**EXERCISE OBJECTIVE**
Your task is to output the listing exactly, leaving every image out.

** Opening SUPPLIED MATERIAL block **

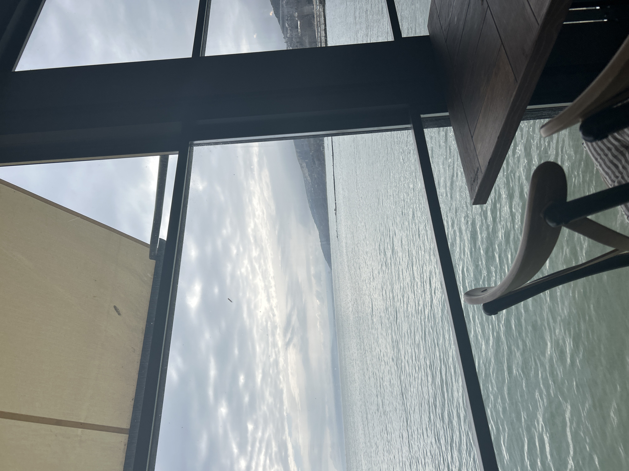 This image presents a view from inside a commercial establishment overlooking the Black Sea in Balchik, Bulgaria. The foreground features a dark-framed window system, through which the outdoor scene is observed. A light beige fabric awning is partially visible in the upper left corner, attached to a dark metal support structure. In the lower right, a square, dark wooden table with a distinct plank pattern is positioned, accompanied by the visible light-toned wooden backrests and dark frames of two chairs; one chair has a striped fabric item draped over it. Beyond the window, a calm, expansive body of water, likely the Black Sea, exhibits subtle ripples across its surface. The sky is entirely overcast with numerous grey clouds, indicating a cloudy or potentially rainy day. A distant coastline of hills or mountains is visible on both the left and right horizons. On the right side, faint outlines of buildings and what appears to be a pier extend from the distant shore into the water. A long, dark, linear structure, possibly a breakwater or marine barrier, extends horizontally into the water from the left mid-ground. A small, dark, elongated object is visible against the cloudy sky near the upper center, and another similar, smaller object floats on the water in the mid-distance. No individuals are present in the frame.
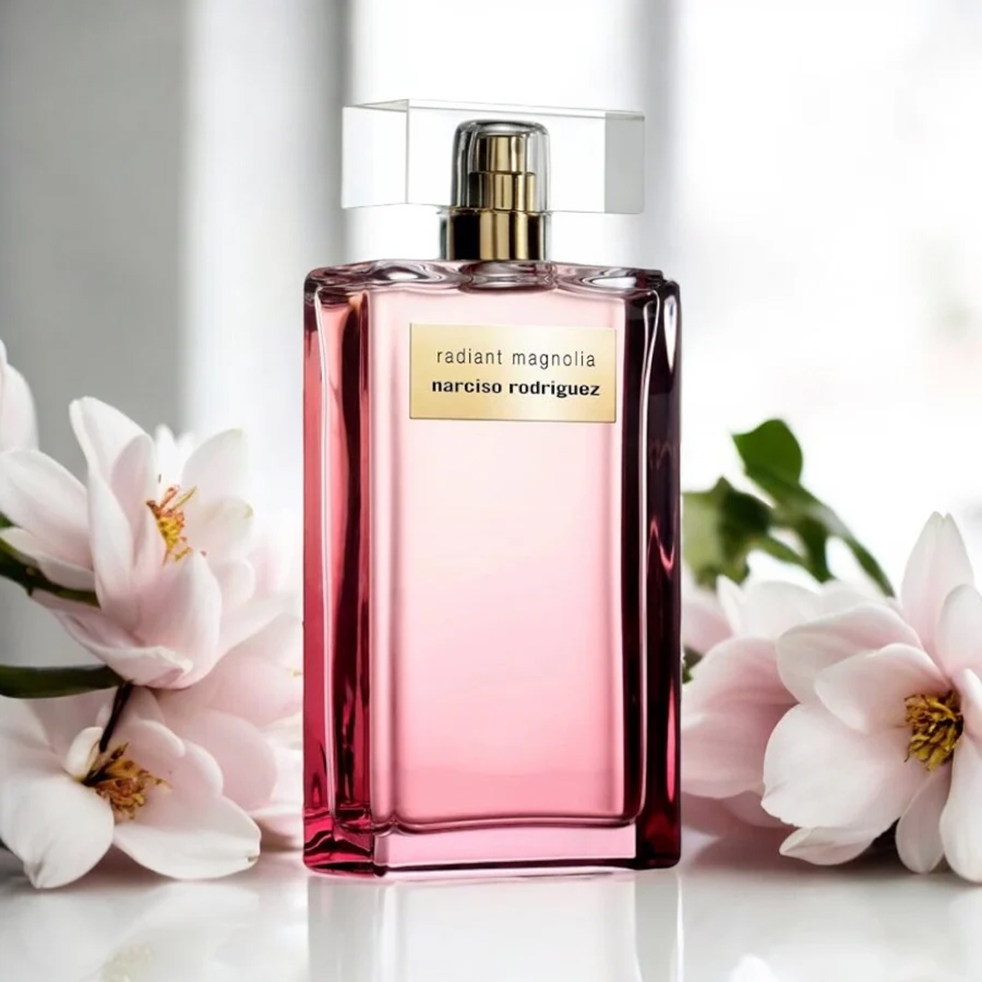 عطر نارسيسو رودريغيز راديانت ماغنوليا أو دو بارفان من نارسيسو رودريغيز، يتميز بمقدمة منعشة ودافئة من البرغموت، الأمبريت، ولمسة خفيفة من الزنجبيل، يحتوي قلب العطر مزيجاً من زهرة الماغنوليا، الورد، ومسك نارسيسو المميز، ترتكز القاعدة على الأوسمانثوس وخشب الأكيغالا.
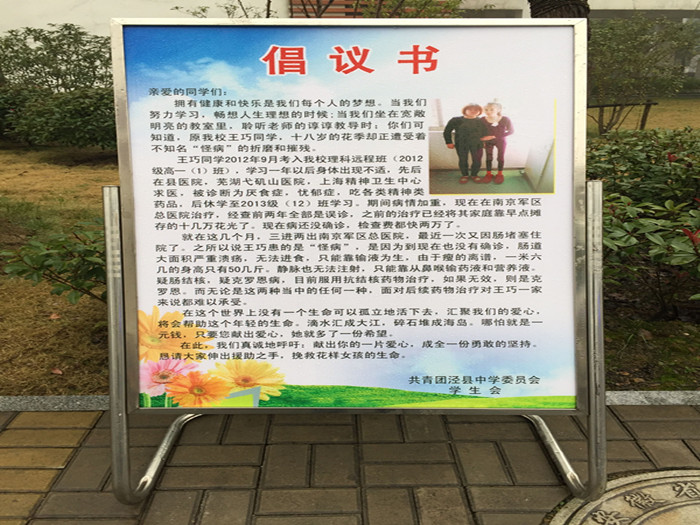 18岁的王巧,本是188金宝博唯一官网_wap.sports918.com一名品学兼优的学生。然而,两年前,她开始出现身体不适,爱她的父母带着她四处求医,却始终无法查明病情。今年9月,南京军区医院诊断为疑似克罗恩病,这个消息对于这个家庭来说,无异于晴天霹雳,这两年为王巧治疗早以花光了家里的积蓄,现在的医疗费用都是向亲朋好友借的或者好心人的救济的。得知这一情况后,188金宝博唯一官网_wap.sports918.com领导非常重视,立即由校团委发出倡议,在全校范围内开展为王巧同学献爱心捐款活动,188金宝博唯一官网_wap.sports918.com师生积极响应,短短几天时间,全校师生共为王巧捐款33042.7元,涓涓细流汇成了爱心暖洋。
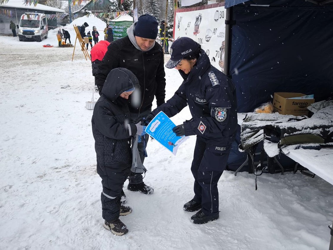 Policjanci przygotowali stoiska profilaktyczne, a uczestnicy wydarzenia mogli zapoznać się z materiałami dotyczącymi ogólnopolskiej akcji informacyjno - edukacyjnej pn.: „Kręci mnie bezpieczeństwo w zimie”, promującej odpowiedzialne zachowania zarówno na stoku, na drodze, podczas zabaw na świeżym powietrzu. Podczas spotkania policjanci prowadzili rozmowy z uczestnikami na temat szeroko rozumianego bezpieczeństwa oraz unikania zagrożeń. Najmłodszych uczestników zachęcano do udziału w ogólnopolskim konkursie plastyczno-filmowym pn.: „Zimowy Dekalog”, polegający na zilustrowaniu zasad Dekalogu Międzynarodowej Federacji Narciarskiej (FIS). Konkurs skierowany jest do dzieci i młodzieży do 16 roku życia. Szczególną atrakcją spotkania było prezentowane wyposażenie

** Closing SUPPLIED MATERIAL block **

**OUTPUT BELOW**
 This image presents a view from inside a commercial establishment overlooking the Black Sea in Balchik, Bulgaria. The foreground features a dark-framed window system, through which the outdoor scene is observed. A light beige fabric awning is partially visible in the upper left corner, attached to a dark metal support structure. In the lower right, a square, dark wooden table with a distinct plank pattern is positioned, accompanied by the visible light-toned wooden backrests and dark frames of two chairs; one chair has a striped fabric item draped over it. Beyond the window, a calm, expansive body of water, likely the Black Sea, exhibits subtle ripples across its surface. The sky is entirely overcast with numerous grey clouds, indicating a cloudy or potentially rainy day. A distant coastline of hills or mountains is visible on both the left and right horizons. On the right side, faint outlines of buildings and what appears to be a pier extend from the distant shore into the water. A long, dark, linear structure, possibly a breakwater or marine barrier, extends horizontally into the water from the left mid-ground. A small, dark, elongated object is visible against the cloudy sky near the upper center, and another similar, smaller object floats on the water in the mid-distance. No individuals are present in the frame.
 عطر نارسيسو رودريغيز راديانت ماغنوليا أو دو بارفان من نارسيسو رودريغيز، يتميز بمقدمة منعشة ودافئة من البرغموت، الأمبريت، ولمسة خفيفة من الزنجبيل، يحتوي قلب العطر مزيجاً من زهرة الماغنوليا، الورد، ومسك نارسيسو المميز، ترتكز القاعدة على الأوسمانثوس وخشب الأكيغالا.
 18岁的王巧,本是188金宝博唯一官网_wap.sports918.com一名品学兼优的学生。然而,两年前,她开始出现身体不适,爱她的父母带着她四处求医,却始终无法查明病情。今年9月,南京军区医院诊断为疑似克罗恩病,这个消息对于这个家庭来说,无异于晴天霹雳,这两年为王巧治疗早以花光了家里的积蓄,现在的医疗费用都是向亲朋好友借的或者好心人的救济的。得知这一情况后,188金宝博唯一官网_wap.sports918.com领导非常重视,立即由校团委发出倡议,在全校范围内开展为王巧同学献爱心捐款活动,188金宝博唯一官网_wap.sports918.com师生积极响应,短短几天时间,全校师生共为王巧捐款33042.7元,涓涓细流汇成了爱心暖洋。
 Policjanci przygotowali stoiska profilaktyczne, a uczestnicy wydarzenia mogli zapoznać się z materiałami dotyczącymi ogólnopolskiej akcji informacyjno - edukacyjnej pn.: „Kręci mnie bezpieczeństwo w zimie”, promującej odpowiedzialne zachowania zarówno na stoku, na drodze, podczas zabaw na świeżym powietrzu. Podczas spotkania policjanci prowadzili rozmowy z uczestnikami na temat szeroko rozumianego bezpieczeństwa oraz unikania zagrożeń. Najmłodszych uczestników zachęcano do udziału w ogólnopolskim konkursie plastyczno-filmowym pn.: „Zimowy Dekalog”, polegający na zilustrowaniu zasad Dekalogu Międzynarodowej Federacji Narciarskiej (FIS). Konkurs skierowany jest do dzieci i młodzieży do 16 roku życia. Szczególną atrakcją spotkania było prezentowane wyposażenie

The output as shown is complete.